Make an exact transcript of the lines in the data below, starting with the one containing "子博泡芙软包真皮床意式 轻奢极简齐边羽绒主卧双人大床悬浮床婚床" and going on through the one containing "Als Hauptmaterial haben", with both included and the pictures left out.

Start of DATA

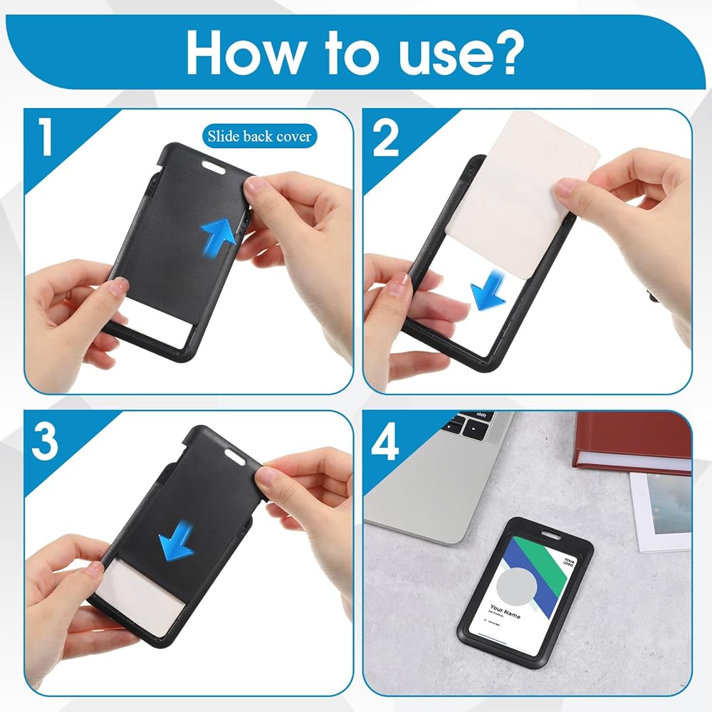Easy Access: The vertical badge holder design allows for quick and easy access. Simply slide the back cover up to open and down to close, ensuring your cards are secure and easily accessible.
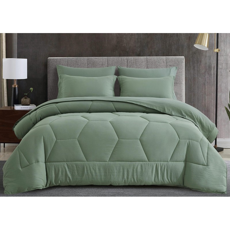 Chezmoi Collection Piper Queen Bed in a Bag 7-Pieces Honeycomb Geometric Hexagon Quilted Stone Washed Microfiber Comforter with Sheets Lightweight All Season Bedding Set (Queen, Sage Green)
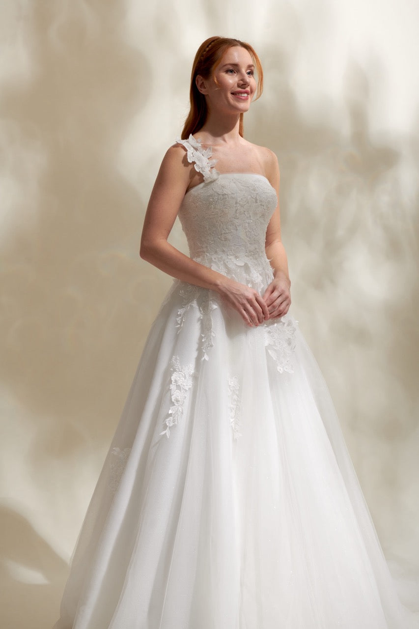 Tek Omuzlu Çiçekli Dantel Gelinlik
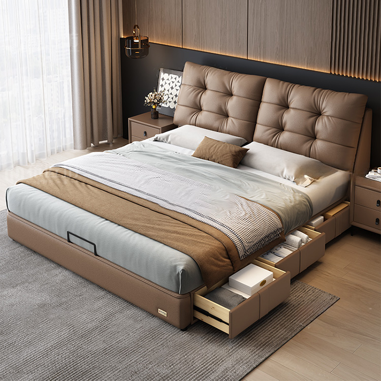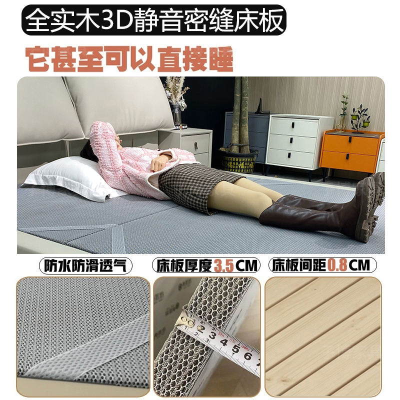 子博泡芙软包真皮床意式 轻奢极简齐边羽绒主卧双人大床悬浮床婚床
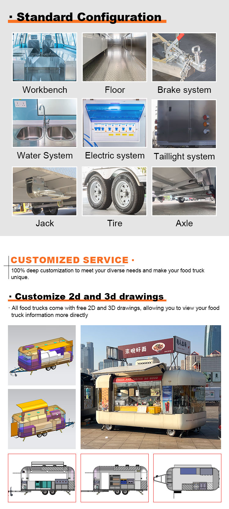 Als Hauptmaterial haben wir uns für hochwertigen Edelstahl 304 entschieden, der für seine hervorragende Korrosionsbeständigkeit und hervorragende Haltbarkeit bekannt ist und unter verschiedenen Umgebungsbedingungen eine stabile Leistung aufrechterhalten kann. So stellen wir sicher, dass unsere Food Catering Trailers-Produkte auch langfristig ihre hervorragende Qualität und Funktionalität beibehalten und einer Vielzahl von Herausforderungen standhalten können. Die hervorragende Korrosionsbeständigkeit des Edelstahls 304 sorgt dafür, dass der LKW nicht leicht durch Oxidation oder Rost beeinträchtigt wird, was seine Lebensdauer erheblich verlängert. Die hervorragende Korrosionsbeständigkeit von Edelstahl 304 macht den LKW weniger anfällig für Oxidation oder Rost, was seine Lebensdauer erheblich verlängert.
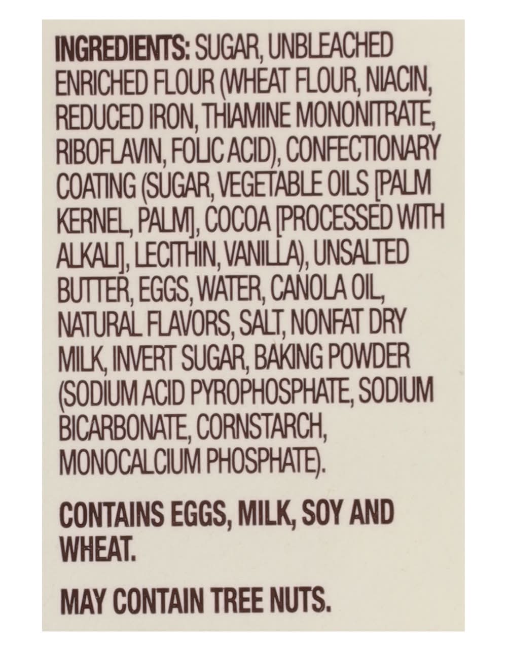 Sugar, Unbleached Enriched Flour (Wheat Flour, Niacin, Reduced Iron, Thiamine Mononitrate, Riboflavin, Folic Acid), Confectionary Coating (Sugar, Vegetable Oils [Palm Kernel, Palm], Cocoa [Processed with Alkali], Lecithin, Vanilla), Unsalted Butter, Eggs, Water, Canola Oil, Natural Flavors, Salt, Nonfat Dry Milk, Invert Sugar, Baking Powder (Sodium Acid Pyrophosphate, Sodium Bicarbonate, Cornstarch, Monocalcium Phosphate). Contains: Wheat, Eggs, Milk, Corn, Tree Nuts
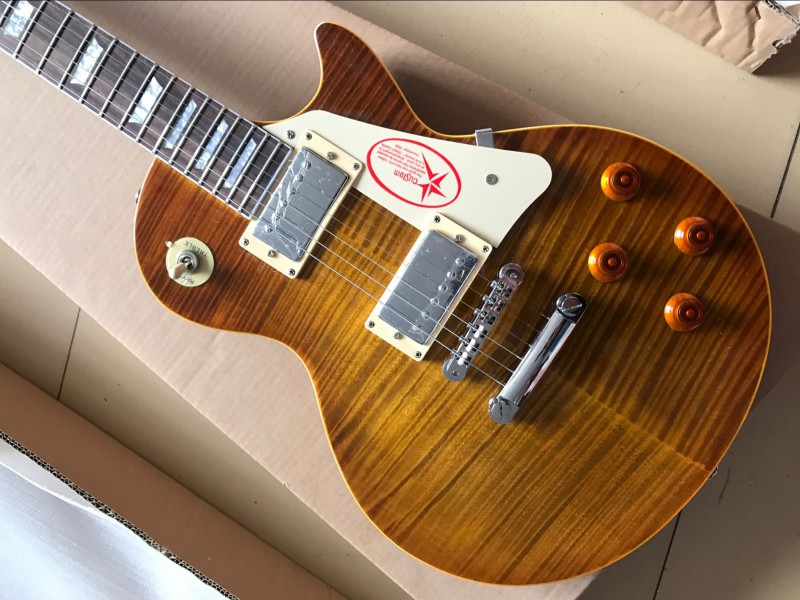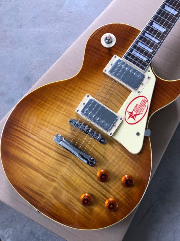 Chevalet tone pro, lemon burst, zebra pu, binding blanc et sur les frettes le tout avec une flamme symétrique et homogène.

End of DATA

**ANSWER TO THIS TASK**
 子博泡芙软包真皮床意式 轻奢极简齐边羽绒主卧双人大床悬浮床婚床
 Als Hauptmaterial haben wir uns für hochwertigen Edelstahl 304 entschieden, der für seine hervorragende Korrosionsbeständigkeit und hervorragende Haltbarkeit bekannt ist und unter verschiedenen Umgebungsbedingungen eine stabile Leistung aufrechterhalten kann. So stellen wir sicher, dass unsere Food Catering Trailers-Produkte auch langfristig ihre hervorragende Qualität und Funktionalität beibehalten und einer Vielzahl von Herausforderungen standhalten können. Die hervorragende Korrosionsbeständigkeit des Edelstahls 304 sorgt dafür, dass der LKW nicht leicht durch Oxidation oder Rost beeinträchtigt wird, was seine Lebensdauer erheblich verlängert. Die hervorragende Korrosionsbeständigkeit von Edelstahl 304 macht den LKW weniger anfällig für Oxidation oder Rost, was seine Lebensdauer erheblich verlängert.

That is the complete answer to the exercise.